→ **What you have to do**: From the line containing "df = df.merge(df2, how = 'inner', on = '종목')" to the line containing "基于网络药理学与分子对接探讨" in the records below, set down every line exactly as it stands, both ends included, and skip the pictures.

Dataset records START

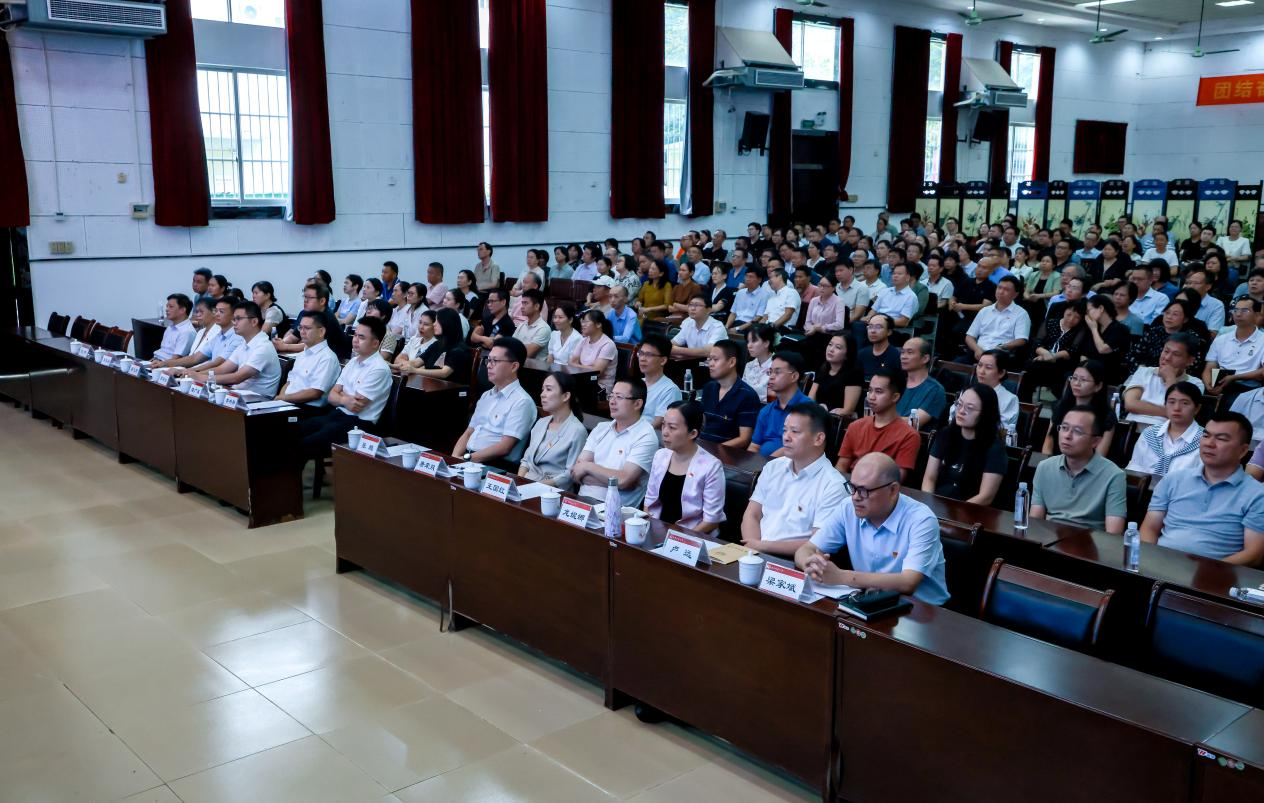 广西壮族自治区纪委监委第九监督检查室主任高军鸿,全体在家校领导、已退休的相关校领导、全体中层干部、关键领域部门全体员工、原相关重要岗位的中层干部、机关党委党员代表以及各二级学院教工党支部书记等360余人参加会议。
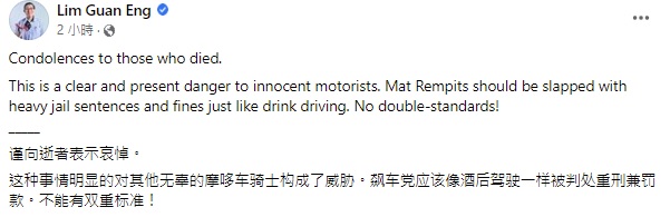 行动党主席林冠英今午也在脸书哀悼死者,并认为飙车党应该像酒后驾驶一样,被判处重刑兼罚款,不能有双重标准。
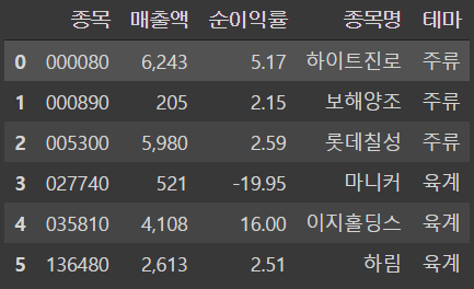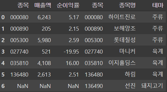 df = df.merge(df2, how = 'inner', on = '종목')
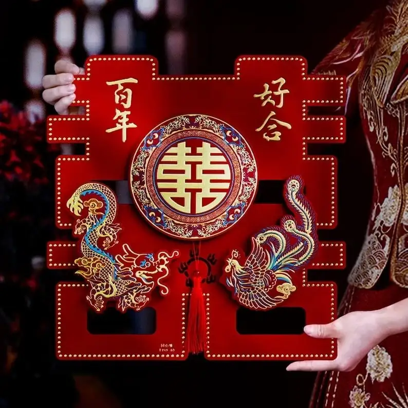 doppia felicità decorazione da parete decorazione di nozze sposa e sposo Decorazione cinese doppia felicità cerimonia del tè Matrimonio asiatico
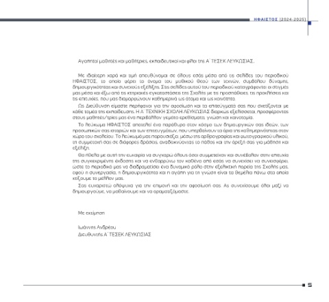μυθικού Με ιδιαίτερη χαρά και τιμή απευθύνομαι σε όλους εσάς μέσα από τις σελίδες του περιοδικού δημιουργικότητας και συνεχούς εξέλιξης. Στις σελίδες αυτού του περιοδικού καταγράφονται οι στιγμές μας μέσα και έξω από τις κτηριακές εγκαταστάσεις της Σχολής με τις προσπάθειες, τις προκλήσεις και Ως Διεύθυνση είμαστε περήφανοι για την αφοσίωση και τα επιτεύγματά σας που σχετίζονται με κάθε τομέα της εκπαίδευσης. Η Α΄ ΤΕΧΝΙΚΗ ΣΧΟΛΗ ΛΕΥΚΩΣΙΑΣ
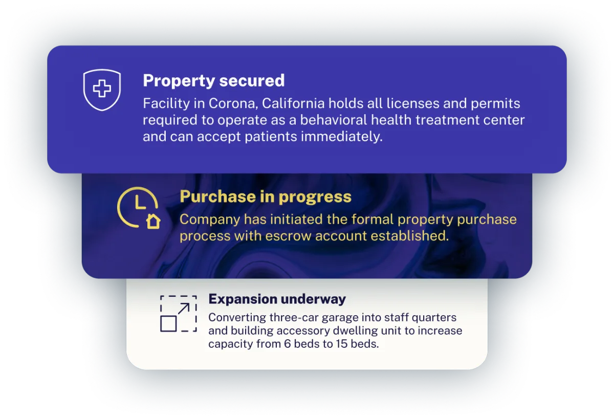 The company will use $1.9 million of the raise to purchase the California property outright. Investors own equity in tangible property, securing nearly half the capital raised.
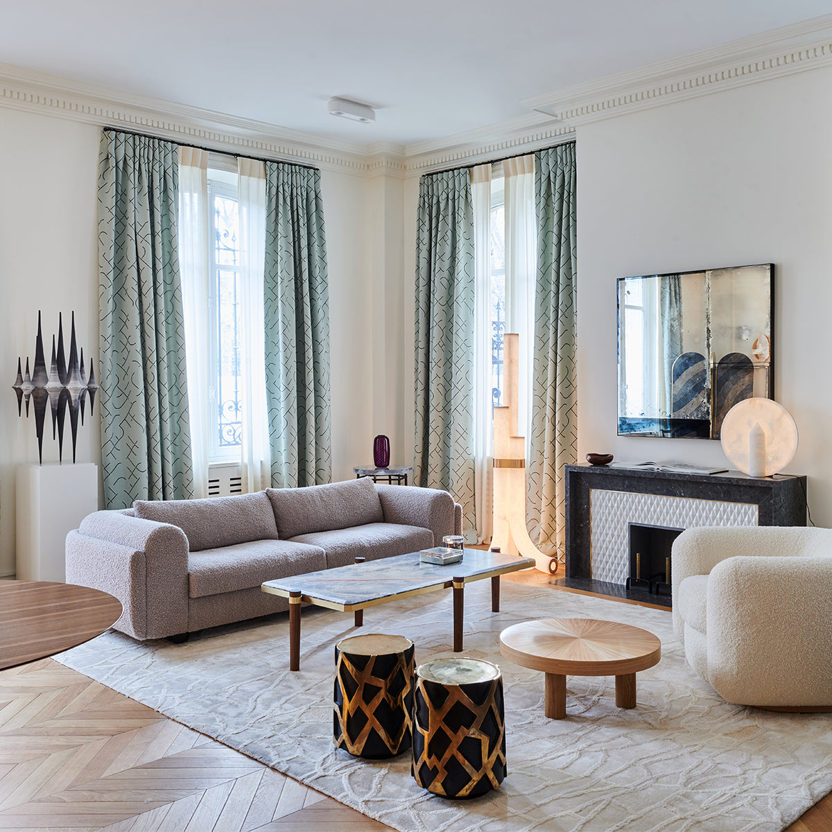 FANTASY is solidly installed on three linear alabaster pieces held at the center by a brass ring. Stretching elegantly towards the sky, FANTASY projects direct light from its extremities. It’s simple, resolutely contemporary design makes it a central piece in the Alabaster Design collection.
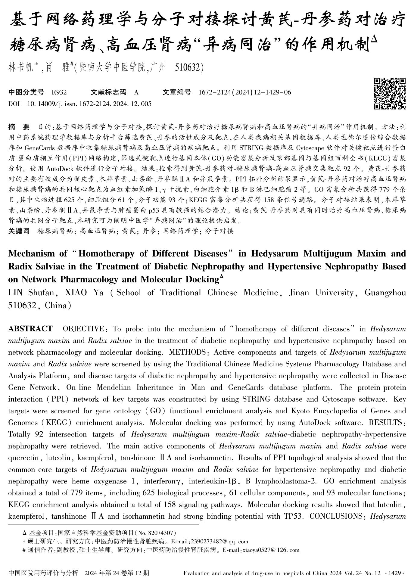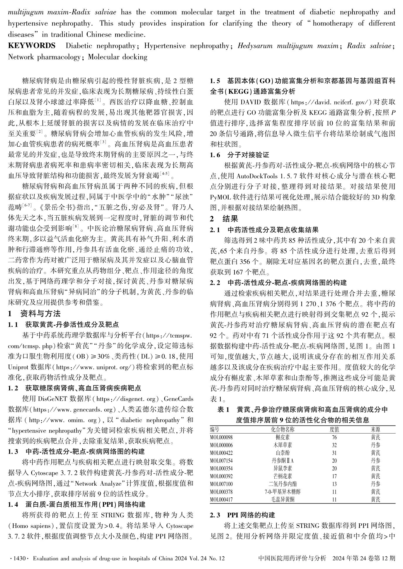 基于网络药理学与分子对接探讨黄芪-丹参药对治疗糖尿病肾病、高血压肾病“异病同治”的作用机制
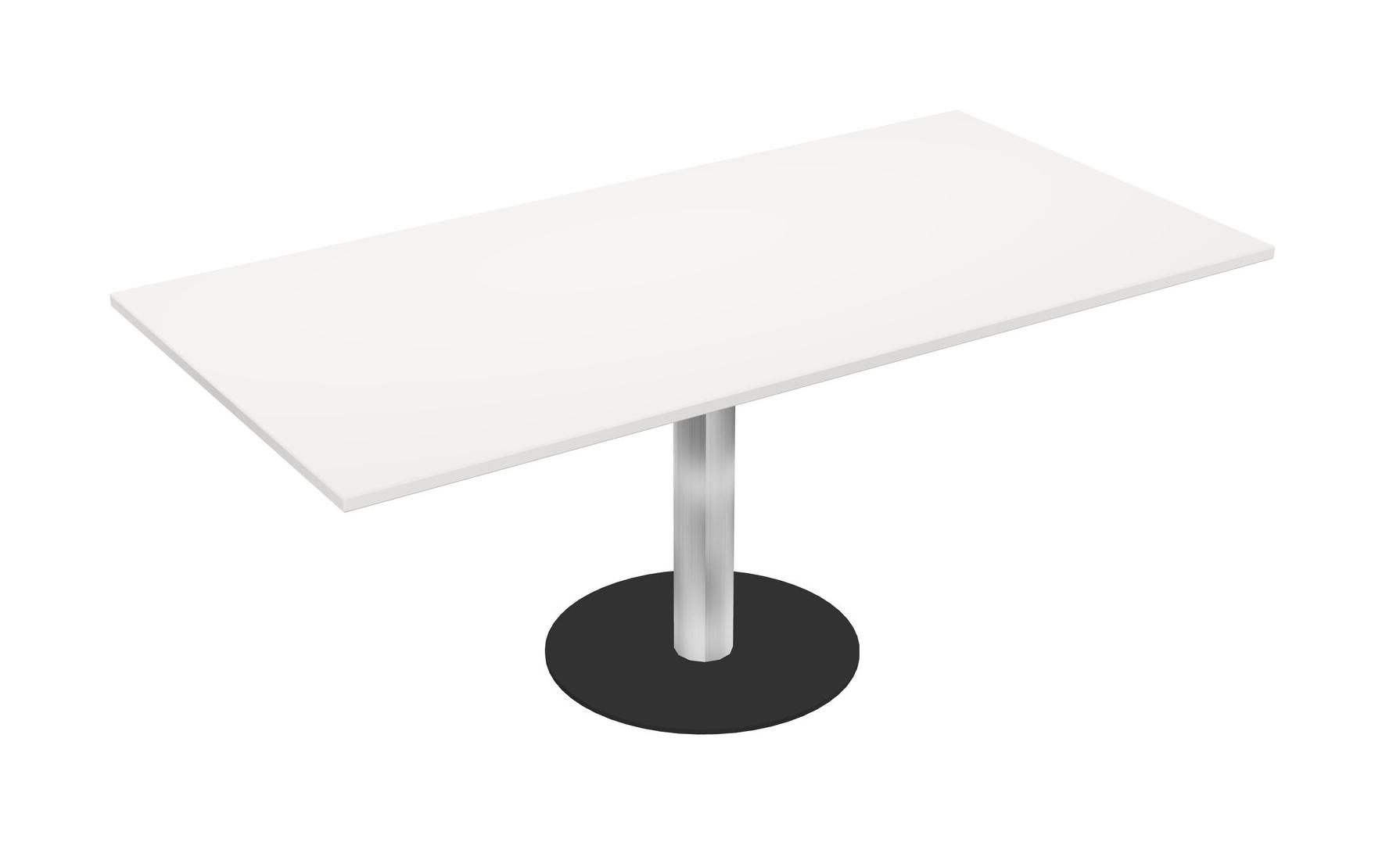 Table Modulaire Pour Bureau, Restaurant, Cafétéria, Salle De Pause Et Service De Restauration, Avec Plateau Blanc, Pieds Ronds Chromés Et Base Ronde Noire
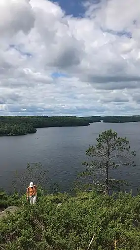 Restoule Provincial Park is a provincial park in Parry Sound District in Central Ontario, Canada.[1] It is located between Restoule Lake and Stormy Lake and extends along the banks of the Restoule River to its mouth at the French River (excluding the banks belonging to the Dokis First Nation) in geographic Patterson Township[2] and geographic Hardy Township.[3] The park is located at the western terminus of Highway 534 northwest of Restoule, Ontario. The park offers three hiking trails and is home to coyotes, wolves, bears, otters, pine martens, moose and one of Ontario's largest white-tailed deer herds. It is also home to over 90 species of birds including the peregrine falcon and the heron. Camping areas include Bells Point, Putts Point and Kettle Point. Many hike the well-marked trail to the 100-foot (30 m) fire tower overlooking Stormy Lake. It is one of two provincial parks found in the Almaguin Highlands.
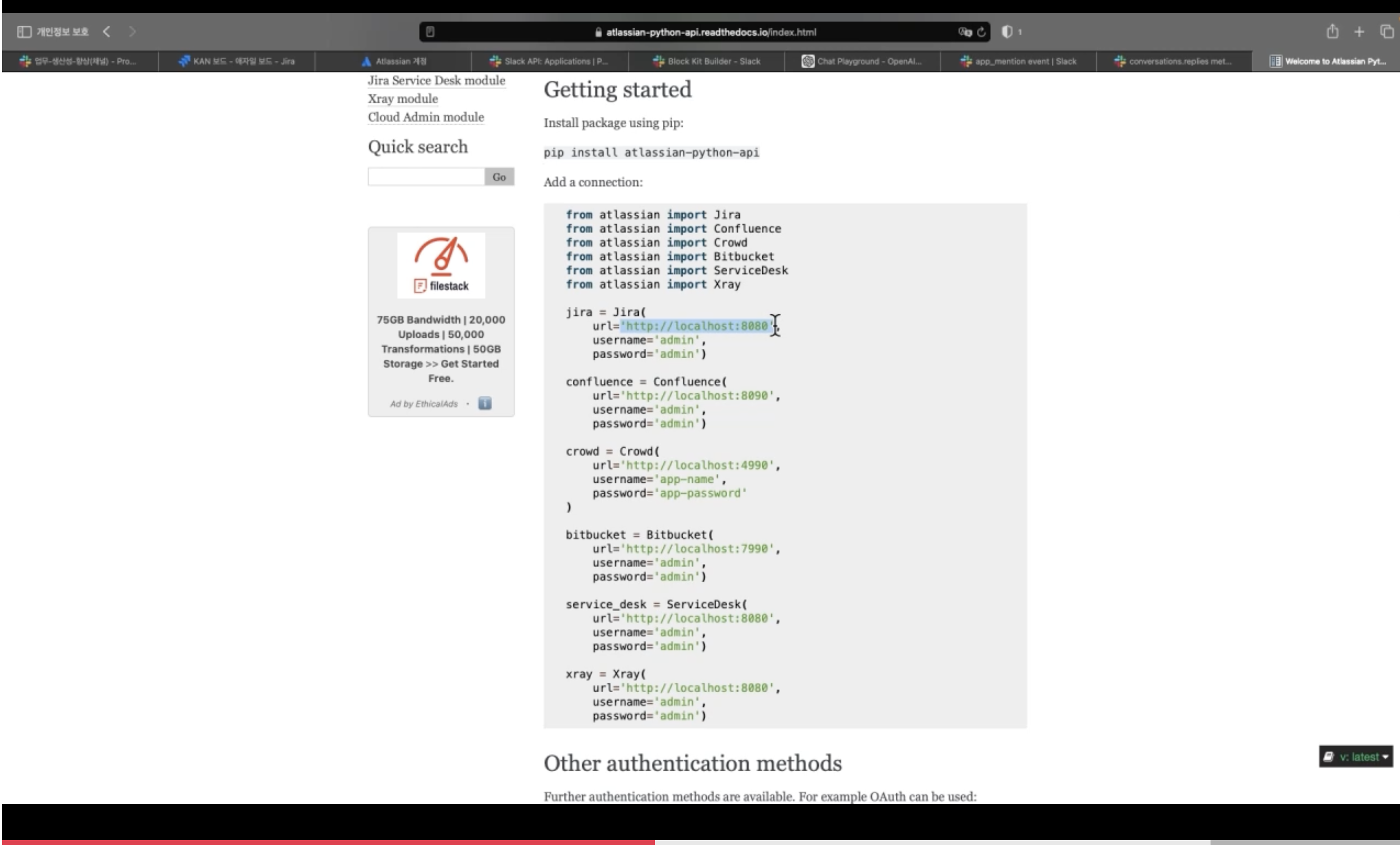 제가 수강한 강의는 슬랙과 프롬프트엔지니어링을 사용해서 Jira의 이슈를 생성하는 애플리케이션을 개발하는 것을 목표로 진행되었습니다. 이를 위해 슬랙과 지라의 기본 개념을 설명하고 각 서비스의 API를 어떻게 사용하는지 학습합니다. 강의에서 학습하는 외부 API에 대한 모든 학습은 공식문서를 보며 진행합니다.

Dataset records END

→ **Output below**:
 df = df.merge(df2, how = 'inner', on = '종목')
 doppia felicità decorazione da parete decorazione di nozze sposa e sposo Decorazione cinese doppia felicità cerimonia del tè Matrimonio asiatico
μυθικού Με ιδιαίτερη χαρά και τιμή απευθύνομαι σε όλους εσάς μέσα από τις σελίδες του περιοδικού δημιουργικότητας και συνεχούς εξέλιξης. Στις σελίδες αυτού του περιοδικού καταγράφονται οι στιγμές μας μέσα και έξω από τις κτηριακές εγκαταστάσεις της Σχολής με τις προσπάθειες, τις προκλήσεις και Ως Διεύθυνση είμαστε περήφανοι για την αφοσίωση και τα επιτεύγματά σας που σχετίζονται με κάθε τομέα της εκπαίδευσης. Η Α΄ ΤΕΧΝΙΚΗ ΣΧΟΛΗ ΛΕΥΚΩΣΙΑΣ
 The company will use $1.9 million of the raise to purchase the California property outright. Investors own equity in tangible property, securing nearly half the capital raised.
 FANTASY is solidly installed on three linear alabaster pieces held at the center by a brass ring. Stretching elegantly towards the sky, FANTASY projects direct light from its extremities. It’s simple, resolutely contemporary design makes it a central piece in the Alabaster Design collection.
 基于网络药理学与分子对接探讨黄芪-丹参药对治疗糖尿病肾病、高血压肾病“异病同治”的作用机制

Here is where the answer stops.